- _Data shown_:
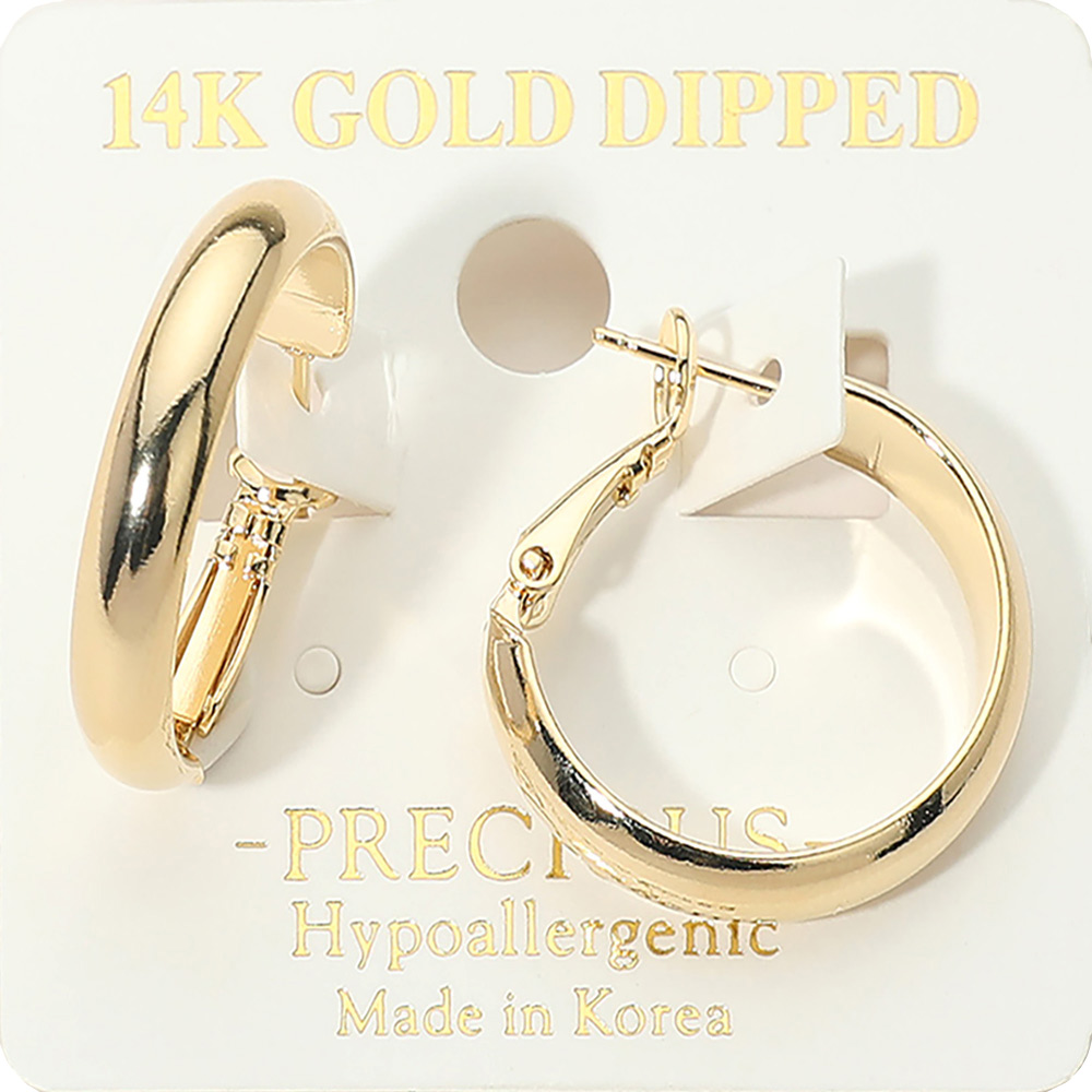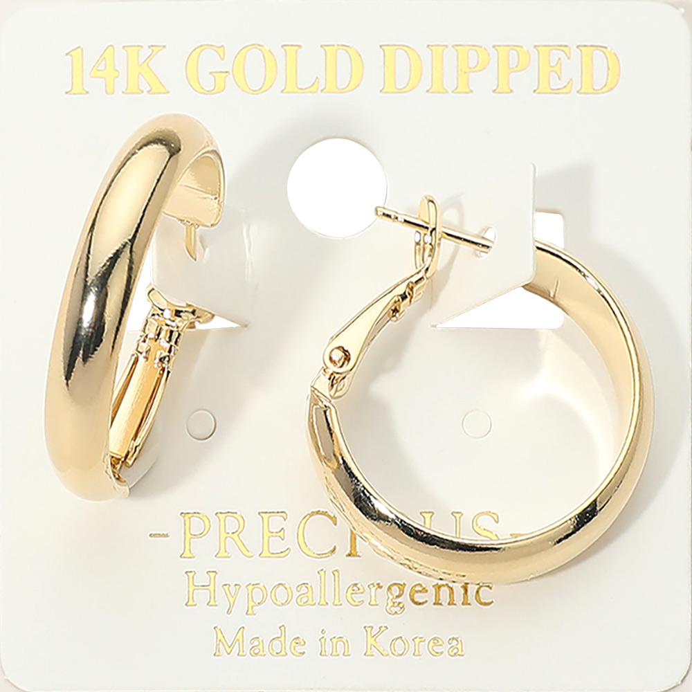 Details • Size : 0.9" X 0.9 • Omega Back • These classic medium hoop earrings feature a smooth rounded profile with a secure latch closure for easy wear and reliable hold. Designed for everyday styling or special occasions, they pair effortlessly with casual or dress looks while offering comfort, durability, and timeless appeal. • Gold Dipped • Hypoallergenic • Made In Korea
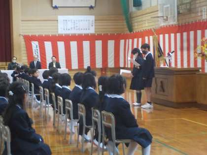 今日は入学式、6年生は、朝から清掃や1年生のお世話と、活躍していました。気持ちのよいあいさつも素敵だったと、他の先生方や職員の方からたくさん褒められました。NくんとMさんのあいさつも堂々として立派でした。
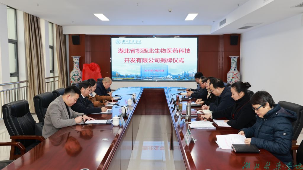 本网讯(文/宋园亮 图/鲍晓宇)12月22日,湖北省鄂西北生物医药科技开发有限公司揭牌仪式在科教楼1708会议室举行,党委书记郑丹凤主持活动。党委副书记、校长王云甫,党委常委、统战部部长谭艳,原党委书记、鄂西北生物医药产业技术研究院院长涂汉军出席活动。

- _Work to complete_:
Output the full listing verbatim, but drop the images.

- _Result of the task_:
 Details • Size : 0.9" X 0.9 • Omega Back • These classic medium hoop earrings feature a smooth rounded profile with a secure latch closure for easy wear and reliable hold. Designed for everyday styling or special occasions, they pair effortlessly with casual or dress looks while offering comfort, durability, and timeless appeal. • Gold Dipped • Hypoallergenic • Made In Korea
 今日は入学式、6年生は、朝から清掃や1年生のお世話と、活躍していました。気持ちのよいあいさつも素敵だったと、他の先生方や職員の方からたくさん褒められました。NくんとMさんのあいさつも堂々として立派でした。
 本网讯(文/宋园亮 图/鲍晓宇)12月22日,湖北省鄂西北生物医药科技开发有限公司揭牌仪式在科教楼1708会议室举行,党委书记郑丹凤主持活动。党委副书记、校长王云甫,党委常委、统战部部长谭艳,原党委书记、鄂西北生物医药产业技术研究院院长涂汉军出席活动。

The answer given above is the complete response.